What health issue do you consider the most pressing?
Professor Edington considers global mental health as one of the most pressing current health issues. Accordingly, she believes that in order to establish how we can manage challenges in global health, the issue itself needs to be situated on the global health map. She considers the interdependence of physical and mental well-being highly important and states that it has been historically under-recognized, resulting in social stigma surrounding mental health issues. She feels that it is important to make the issue visible for policy makers in order to approach this issue.
What motivated you to become part of the Global Health Undergraduate Program?
With her PhD research on the history of medicine and having completed her undergraduate studies in public health, Professor Edington’s involvement with the Global Health Department is what she calls “the next step in long interest” in order to bring together different disciplines when addressing health. She believes that history provides background for policy making, which is an important aspect of global health.
What do you hope students took away from HILD 30 as a core course of the GLBH major?
Professor Edington hopes that students of her HILD 30 class understand that we cannot tell history of medicine and disease as a history of progress. Despite significant scientific advancement, it is important to keep in mind that inequality and health disparities continue to persist. She hopes that students were able to understand what has changed and remained the same in the history of medicine, and what medicine and public health approaches in different time periods can tell us about the social world at the time. From this, she hopes, students took away that the history of medicine does not provide one linear narrative.
Tell us about your research.
Professor Edington is particularly interested in mental health and psychiatry in French colonial Vietnam in the late 19th century. Currently working on her book, Professor Edington focuses on the relationships between patients, their families and the state. In this context, she further examines how mental health is negotiated across cultures.
Are you teaching global health classes again?

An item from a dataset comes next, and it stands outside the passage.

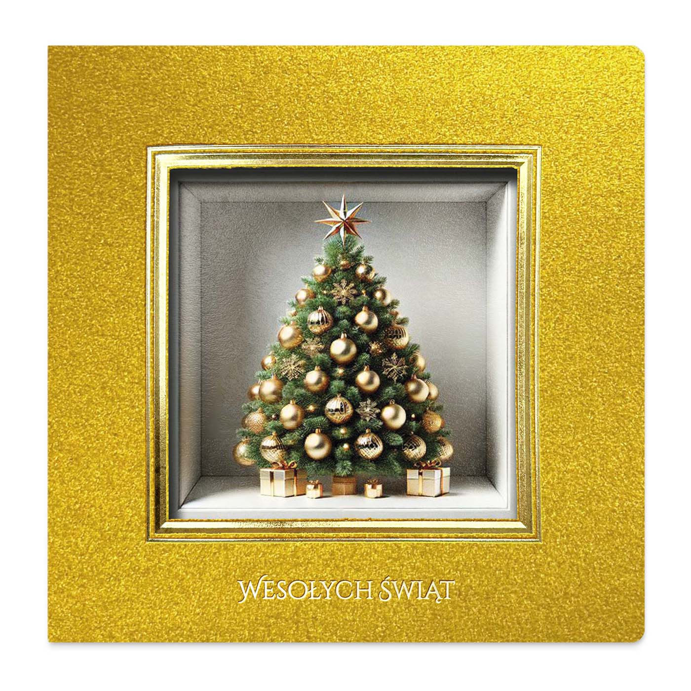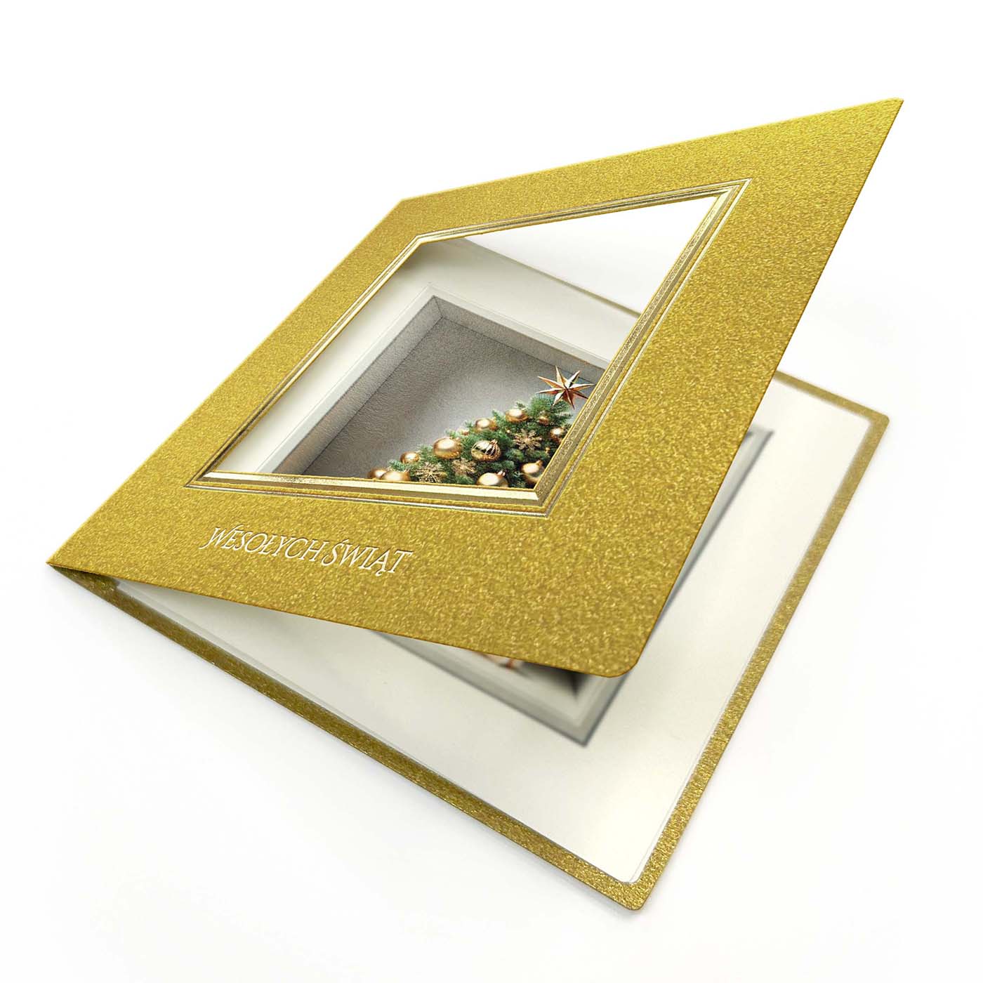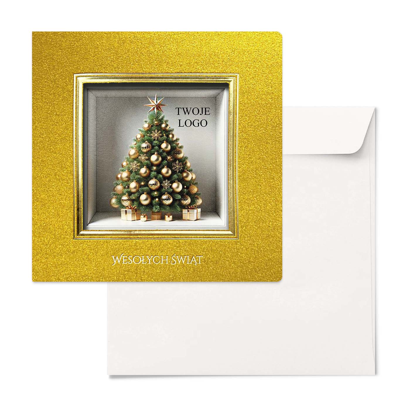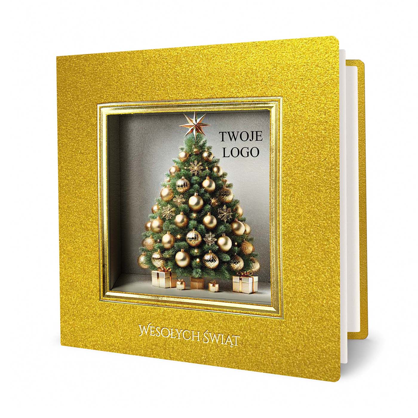 Elegancka kartka świąteczna wykonana z metalizowanego papieru w intensywnym złotym kolorze, który zachwyca swoim luksusowym połyskiem. Centralnym elementem jest przestrzenne okienko w formie złotej ramki, w którym umieszczono grafikę pięknej choinki udekorowanej złotymi bombkami i gwiazdą na szczycie. Pod drzewkiem znajdują się świąteczne prezenty, a obok - miejsce na nadruk logo firmy, które nadaje kartce indywidualny, biznesowy charakter. Złocony napis "Wesołych Świąt" wykonany techniką hotstampingu na dole okładki podkreśla elegancję projektu.

After teaching HILD 30 for the first time last quarter, Professor Edington is currently teaching HIEU 137 – History of Colonialism: From New Imperialism to Decolonization. She will be teaching HILD 30 again in Winter 2016 and is planning a new global health course on the history of tropical disease for Spring 2017.
Any advice for global health students?
“Learn as much as you can about global health, but at the same time think critically about the field. The history of global health shapes its priorities and strategies. Understanding this is important in order to find our role in sustaining institutions in a more effective and productive way. It is also important to consider how communities envision their future as well.”